* _Required work_:
Repeat the records exactly. Leave out the pictures.

* _Exercise material_:
# # # # # # #
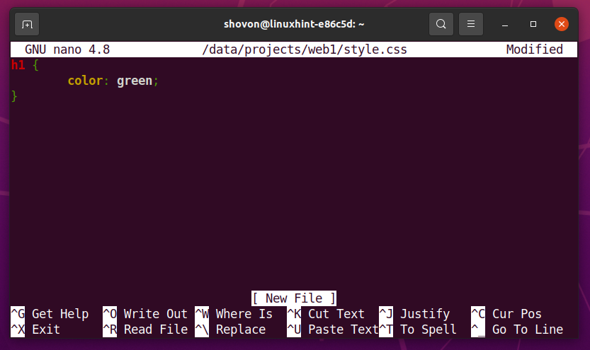 Once you’re done, press <Ctrl> + X followed by Y and <Enter> to save the style.css file.
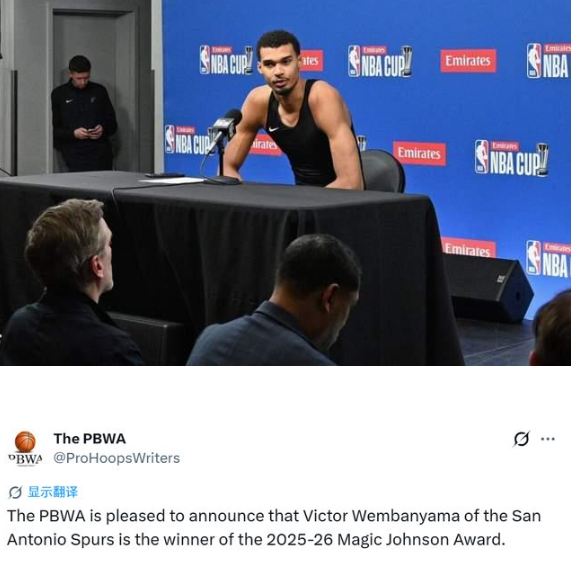 北京时间4月17日,美国职业篮球作家协会今日宣布,圣安东尼奥马刺队的维克托-文班亚马斩获2025-26赛季魔术师约翰逊奖。该奖项旨在表彰赛场表现出众,同时在对接媒体、对待球迷时兼具配合度与优雅风度的NBA球员。
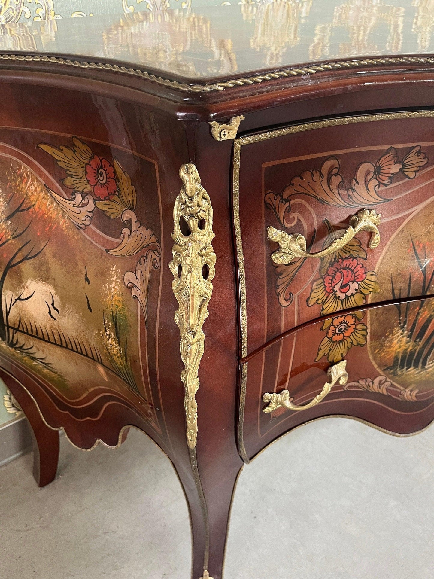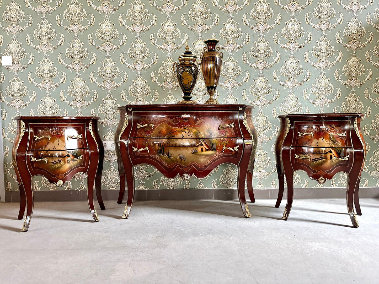 French Baroque Dresser & Nightstand Set: Hand-Painted Bedroom Furniture
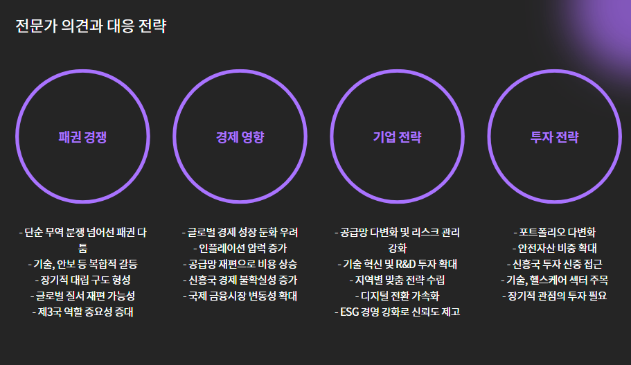 “이번 관세 부과는 단순한 무역 문제가 아니라 패권 경쟁의 연장선입니다. 트럼프 대통령의 전략은 중국 경제를 길들이는 데 있지만, 중국 역시 글로벌 경제의 한 축이기 때문에 파장은 클 수밖에 없습니다.”
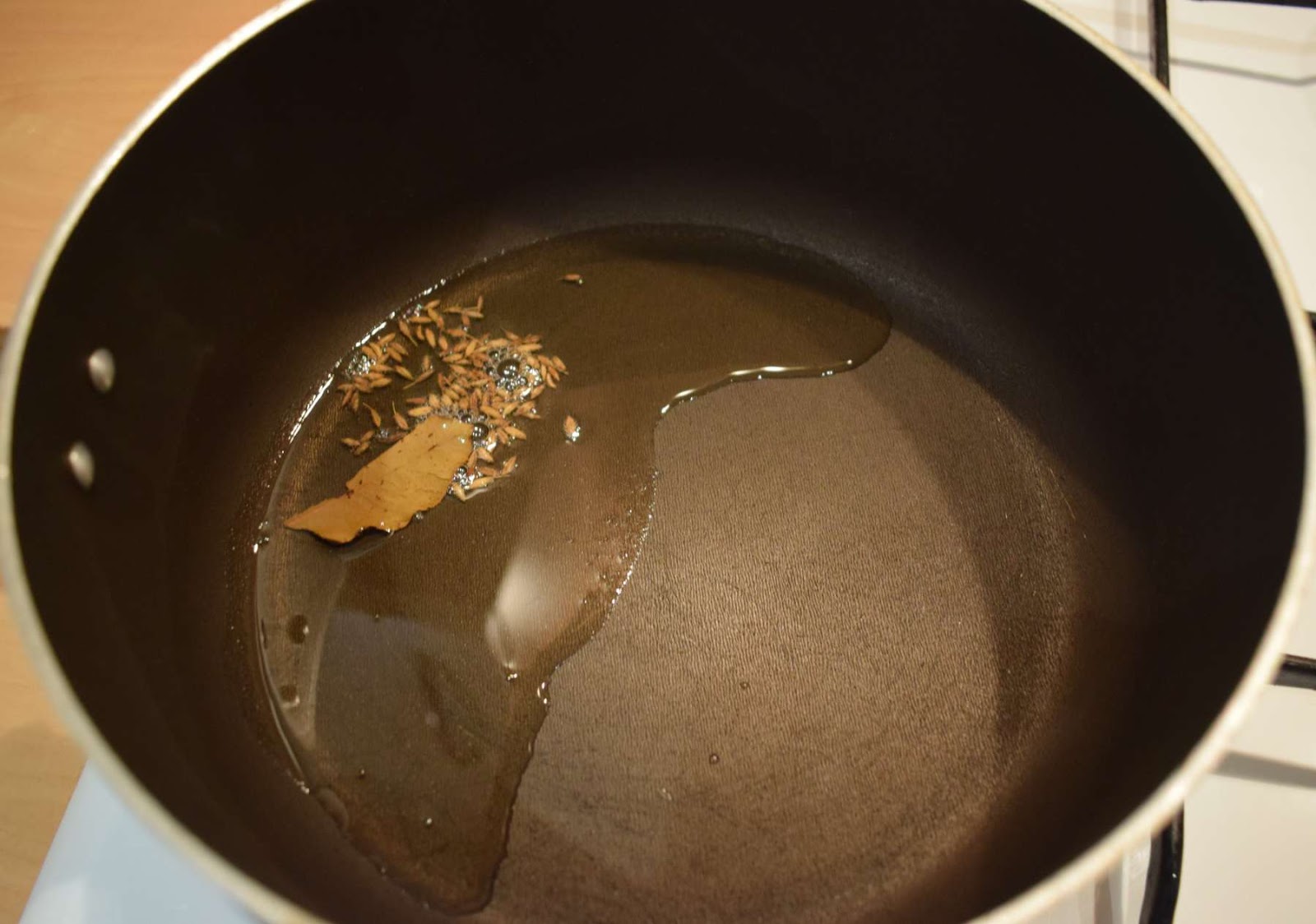 - Once the Oil is hot, add Cumin seeds, Bay leaves and let them crackle.
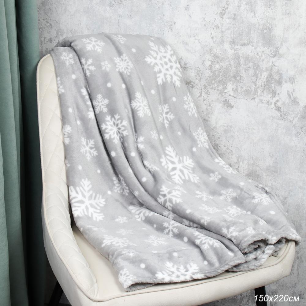 Плед флисовый 150х200 см Серый белые снежинки / GP611-1 /уп 20/100/ 696139 новогодний
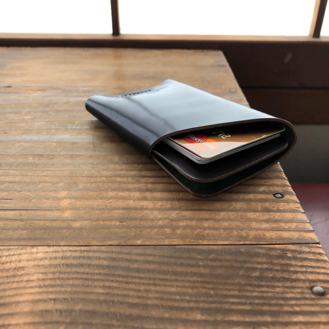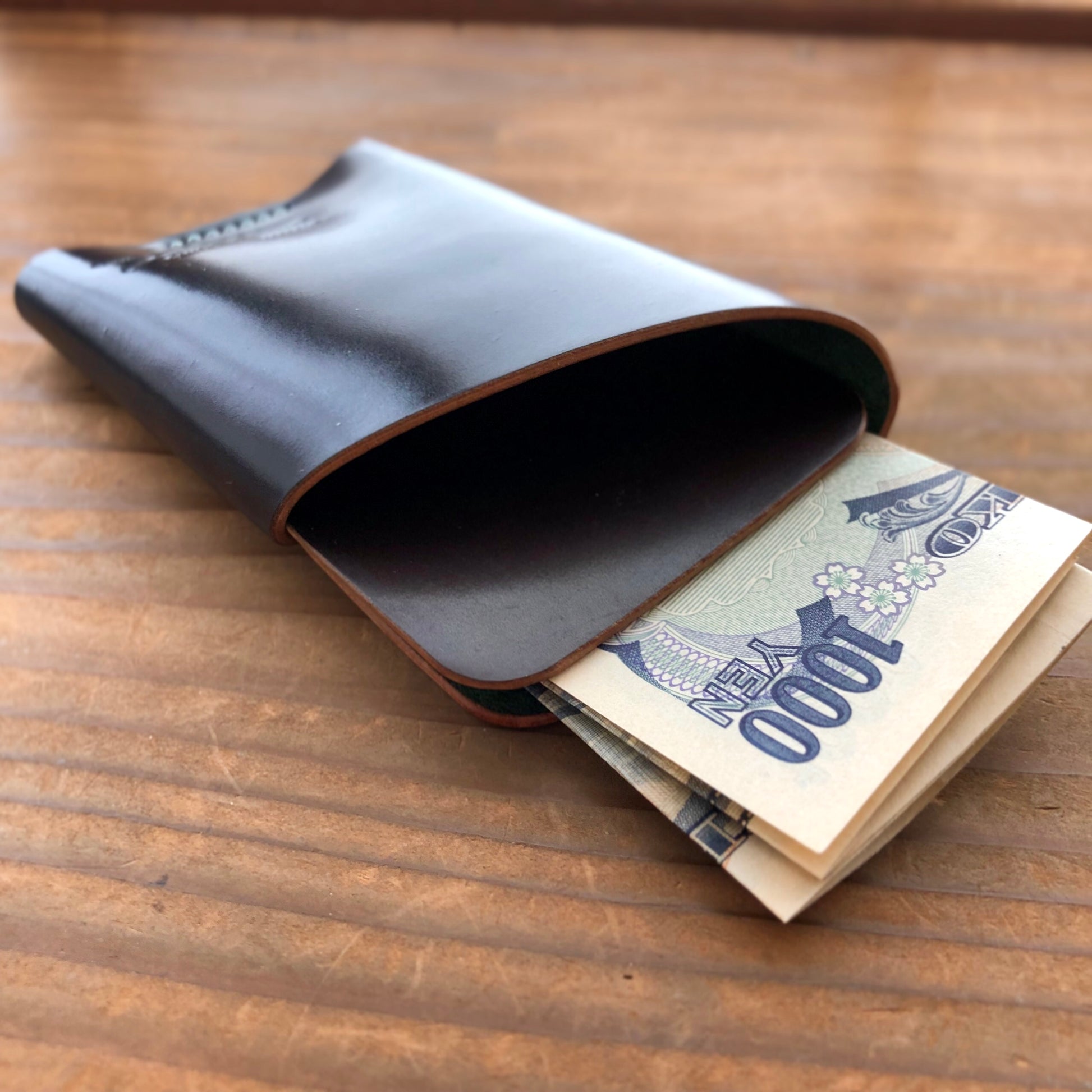 Horweenシェルコードバンで作った縦型のミニマル財布です。
# # # # # # #
* _Answer_:
 Once you’re done, press <Ctrl> + X followed by Y and <Enter> to save the style.css file.
 北京时间4月17日,美国职业篮球作家协会今日宣布,圣安东尼奥马刺队的维克托-文班亚马斩获2025-26赛季魔术师约翰逊奖。该奖项旨在表彰赛场表现出众,同时在对接媒体、对待球迷时兼具配合度与优雅风度的NBA球员。
 French Baroque Dresser & Nightstand Set: Hand-Painted Bedroom Furniture
 “이번 관세 부과는 단순한 무역 문제가 아니라 패권 경쟁의 연장선입니다. 트럼프 대통령의 전략은 중국 경제를 길들이는 데 있지만, 중국 역시 글로벌 경제의 한 축이기 때문에 파장은 클 수밖에 없습니다.”
 - Once the Oil is hot, add Cumin seeds, Bay leaves and let them crackle.
 Плед флисовый 150х200 см Серый белые снежинки / GP611-1 /уп 20/100/ 696139 новогодний
 Horweenシェルコードバンで作った縦型のミニマル財布です。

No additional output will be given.